John Linton
While it probably belongs in the "No sh** Sherlock" category of comments I got some amusement from this article today:
http://www.theage.com.au/news/national/telstra-bigpond-too-slow-and-too-expensive/2007/10/21/1192940903791.html
One comment from the article was:
"Customers of Telstra's BigPond, Australia's largest internet service provider, have given it a resounding thumbs down, saying it costs too much, has poor levels of service and is not as quick as advertised."
Another, more serious part of the survey was:
"But in a concerning trend, overall levels of satisfaction have slumped from 41 per cent two years ago to 29 per cent now."
Almost at the end of the article a "Telstra Spokesperson" responded to this survey result by saying:
"BigPond corporate affairs manager Craig Middleton said Telstra was offering a premium service. "While we'd be concerned at this survey's findings we are outselling our nearest competitor (Optus) four to one,"
What sort of parallel universe does Mr Middleton inhabit to be able to correlate the survey findings with "offering a premium service" and the fact that as the overwhelming majority of broadband users are Telstra customers, the drop in overall user satisfaction with their supplier has dropped from 42% to 29% (30%) in two years?
Like all 'marketing/PR personnel he chooses to use a pointless statistic in some vain attempt to be positive. I would have little doubt that BigPond does sign up 4 times the number of broadband connections than Optus does today. I'm not sure why that statistic would provide any comfort as I'm pretty sure that Telstra would have been signing up something like 20 times more broadband connections than Optus 2 years ago.
OK......cheap shots at easy target over.
The truly shattering statistic is the drop in overall customer satisfaction with broadband service/speed/support (I haven't read the full Choice article yet) from a dreadful 42% to an absolutely abysmal 29%; it's a terrible condemnation of all broadband providers - even allowing for the fact that Telstra provides around 85%+ of all ADSL services either directly via BigPond or via tail circuits supplied to wholesale buyers (thus contributing to the cost problems and, increasingly, some speed and reliability issues).
I wonder whether there is any other product/service offered in Australia that 70% of the users are dissatisfied with?
I actually wonder whether there is such a product/service anywhere in the 'Western World'?

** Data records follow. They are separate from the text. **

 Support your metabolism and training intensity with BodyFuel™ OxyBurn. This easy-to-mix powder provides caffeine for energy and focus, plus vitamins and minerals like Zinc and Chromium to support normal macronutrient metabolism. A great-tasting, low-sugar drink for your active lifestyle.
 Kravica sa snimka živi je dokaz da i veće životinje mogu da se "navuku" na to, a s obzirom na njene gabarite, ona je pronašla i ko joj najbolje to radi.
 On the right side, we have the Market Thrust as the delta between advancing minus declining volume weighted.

Before either I, or anyone else responsible for delivering broadband services, goes outside and cuts their throats, you have to wonder at another little gem from this article:
"Despite the negative perceptions, 90 per cent of those surveyed had not changed their provider in the past year"
Huh???
Only 14% of the 71% (presumably the 29% who were satisfied didn't change suppliers) that were dissatisfied with their broadbad service actually changed to another provider????
Perhaps the survey questions were skewed to elicit negative responses? ........mmmmmm.....probably not.

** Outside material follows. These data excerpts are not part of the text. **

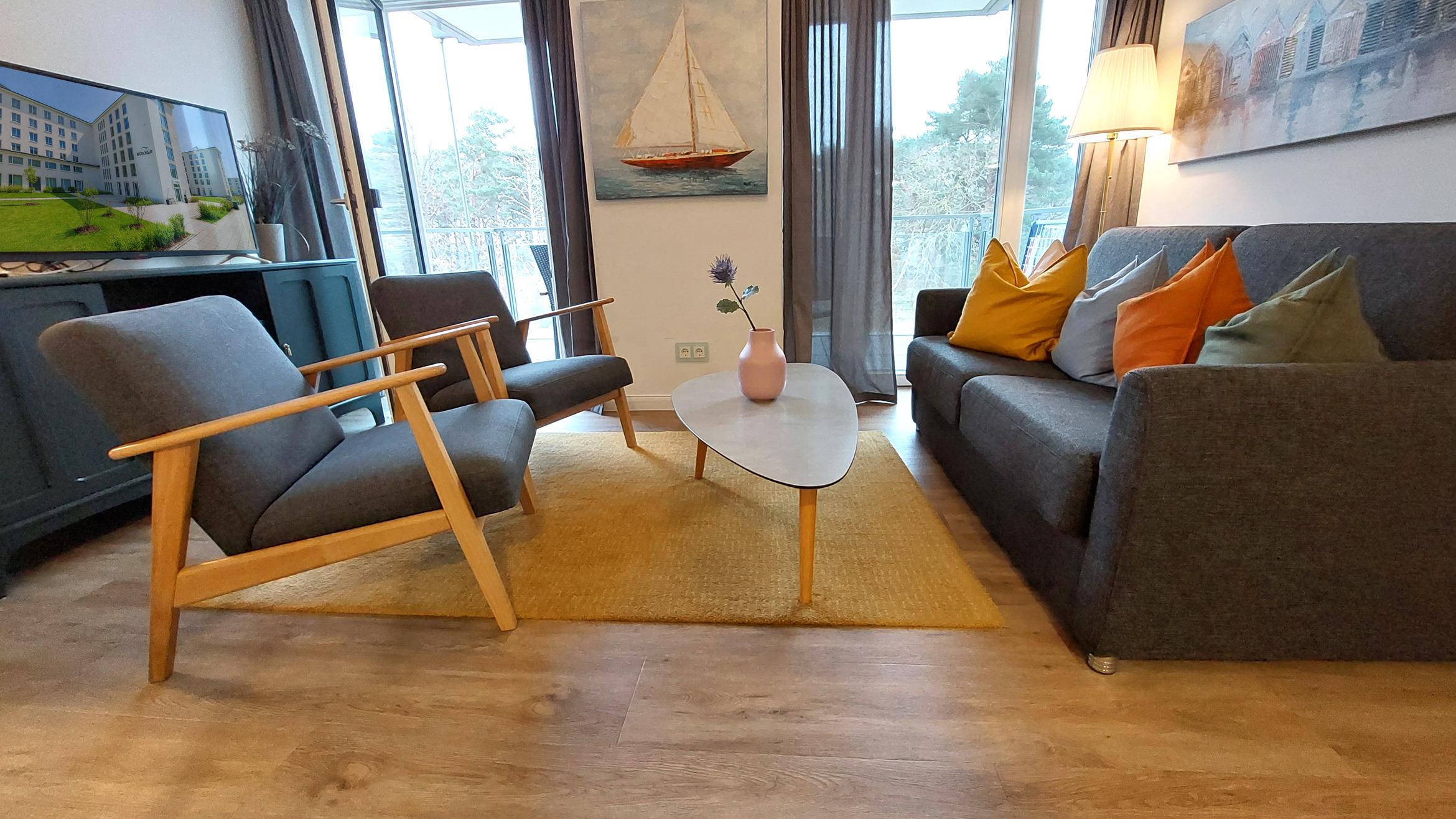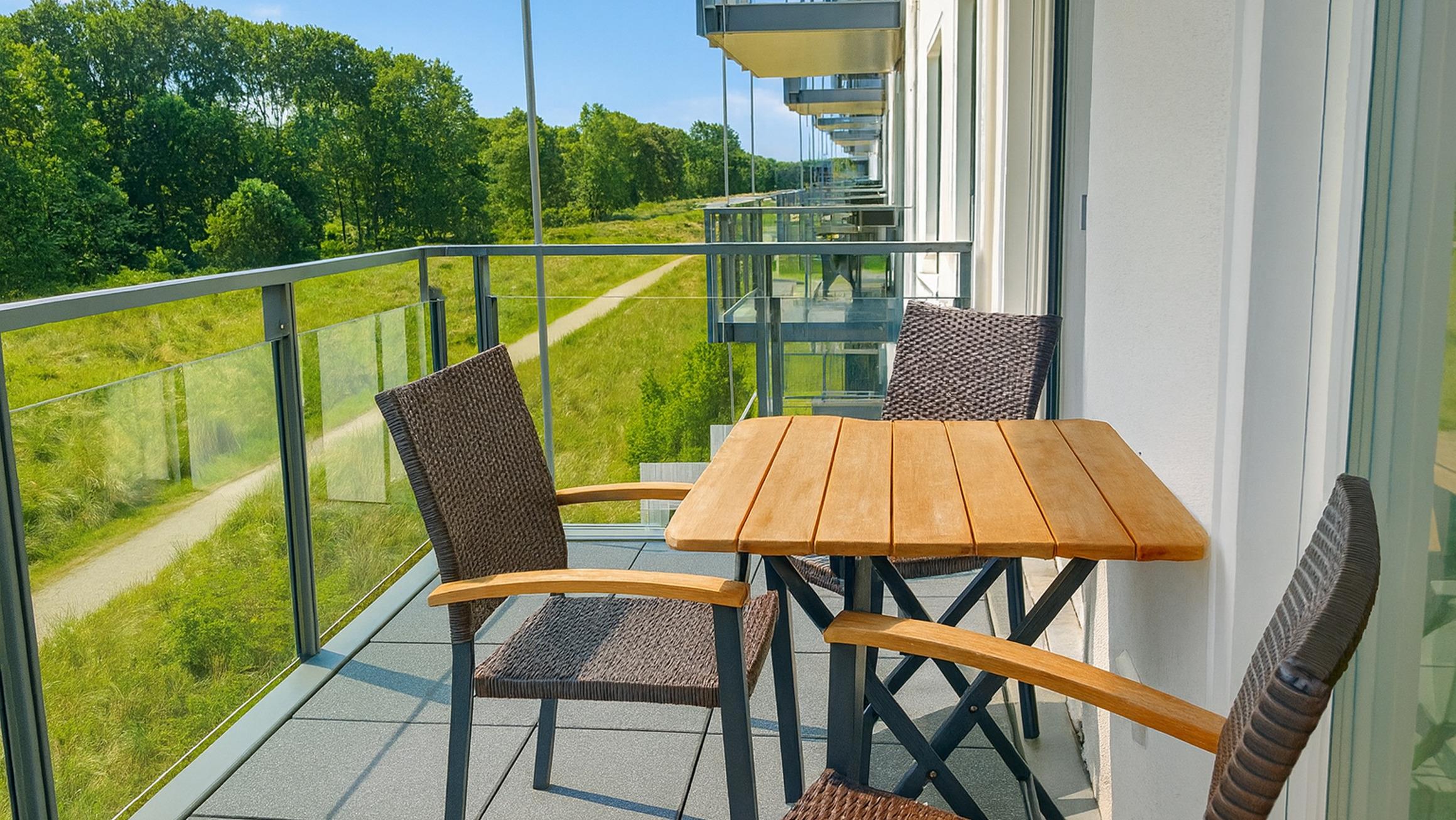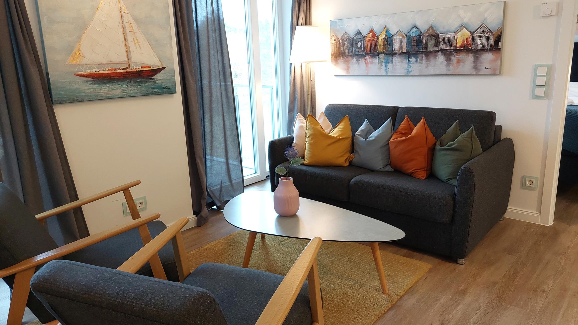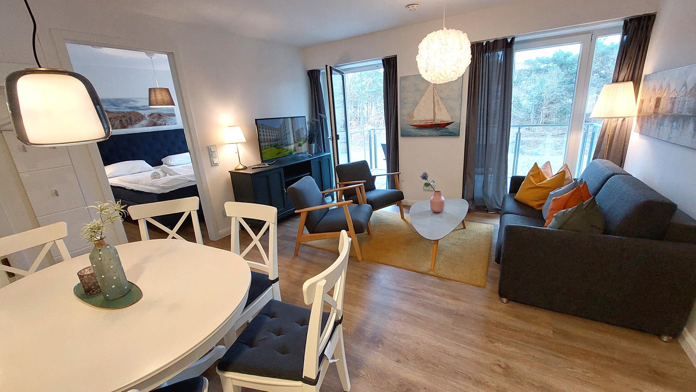 Das Wohn- und Esszimmer ist das Zentrum der Wohnung und lädt mit einer ausklappbaren Sofalandschaft zum Entspannen ein. Für Unterhaltung bei jedem Wetter gibt es einen Smart-TV und kostenfreies WLAN. Der Essbereich bietet Platz für 6 Personen und vom möblierten und überdachten Balkon aus hat man einen Blick auf den angrenzenden Küstenwald und die Ostseedünen.
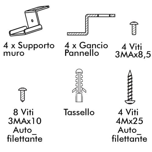 Per i pannelli di lunghezza di 120cm occorre acquistare 2 Kit in quanto i punti di fissaggio dovranno essere almeno 6.
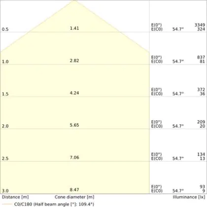 Der Abstrahlwinkel bezeichnet den Winkel, in dem das Licht aus der Lichtquelle ausgestrahlt wird. Er wird in Grad (D) angegeben. Je geringer die Gradzahl des Abstrahlwinkels ist, desto kleiner ist auch der Durchmesser des Lichtkegels, den die Lichtquelle produziert.
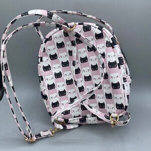 The Under One Sky Cat Mini Backpack is a stylish and trendy accessory for women. Featuring a unique animal print pattern with a cute cat theme, this mini backpack has a zip closure and multicolor handle/strap. The exterior is made of vinyl material with gold hardware accents, adding a touch of sophistication to the casual design. The inside lining is a playful pink color, making it a fun and eye-catching choice for everyday use. This backpack is a perfect blend of fashion and functionality, making it a must-have addition to any wardrobe.
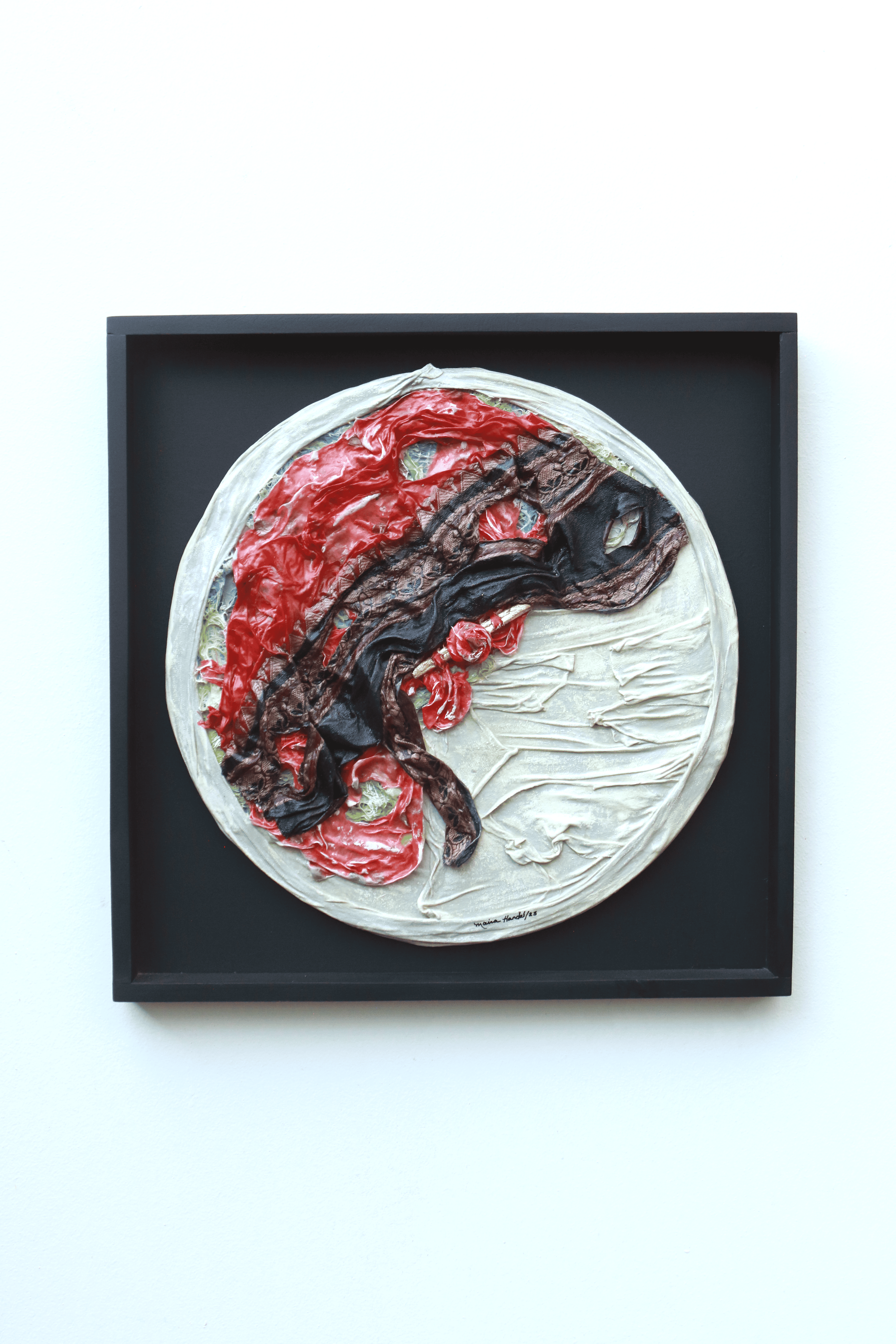El triunfo de la alegría II Textiles, madera, acrílico, hojas metálicas,sobre MDF con base mineral y látex. Sobre moldura. 48 x 48 x 4 cm. Moldura COMPRAR COMPRAR

Perhaps broadband users are totally unreasonable people who expect far too much?.....mmmmmmm....could be part of the reason.
Maybe it means there are so many lock ins on long contracts and so many of the dissatisfied are new users of the complexities of broadband (the article also says: "In two years, dial-up use has dropped from 47 per cent to 8 per cent) that their dissatisfaction is of their own causing as they grapple with the greter complexity of broadband and they aren't moving because their contract termination conditions don't make that financially viable......yup.....a little more likely....probably much more likely.

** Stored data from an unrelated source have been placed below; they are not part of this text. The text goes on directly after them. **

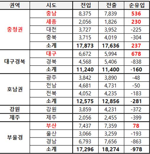 충청권 지역별 순유입 인원은 충남 아산시 695명, 대전 유성구 341명 세종시 230명 등이다. 반면 서울은 전출 1만9653명, 전입 1만8914명으로 739명이 순유출됐다.
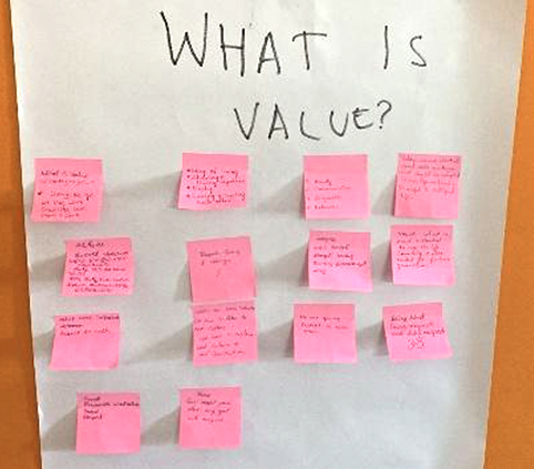 - Cultural and national values - Collective discussion to define what values are, grounded in lived experience.
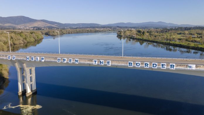 Además de pedir públicamente la apertura de la frontera, Benítez dio a conocer que el AECT, con el fin de llamar la atención de todas las instituciones, instaló una gran pancarta reivindicativa en el Puente de la Amistad entre Tomiño y Cerveira en la que se puede leer ‘EU Help. Open the border’, en relación a la necesaria llegada de fondos europeos para reactivar la economía de la zona.

What is very certain, in simple commercial terms, is that if any commercial enterprise was supplying a product/service with which 71% of its customers were dissatisfied it would be out of business within a few months.
Maybe all this latest survey shows is that given the opportunity of complaining the human race will do that.
Now where's that patch of really soft sand.......?
PS: Alternatively - if Telstra and Optus stopped wasting millions of dollars every month on advertising and giving away modems and activation fees they could use that money to provide better networks that didn't generate so much dissatisfaction? ....but where's the fun in giving money to engineers to waste on additional circuits when you can be wined and dined by pretty girls with curvaceous figures and come hither smiles?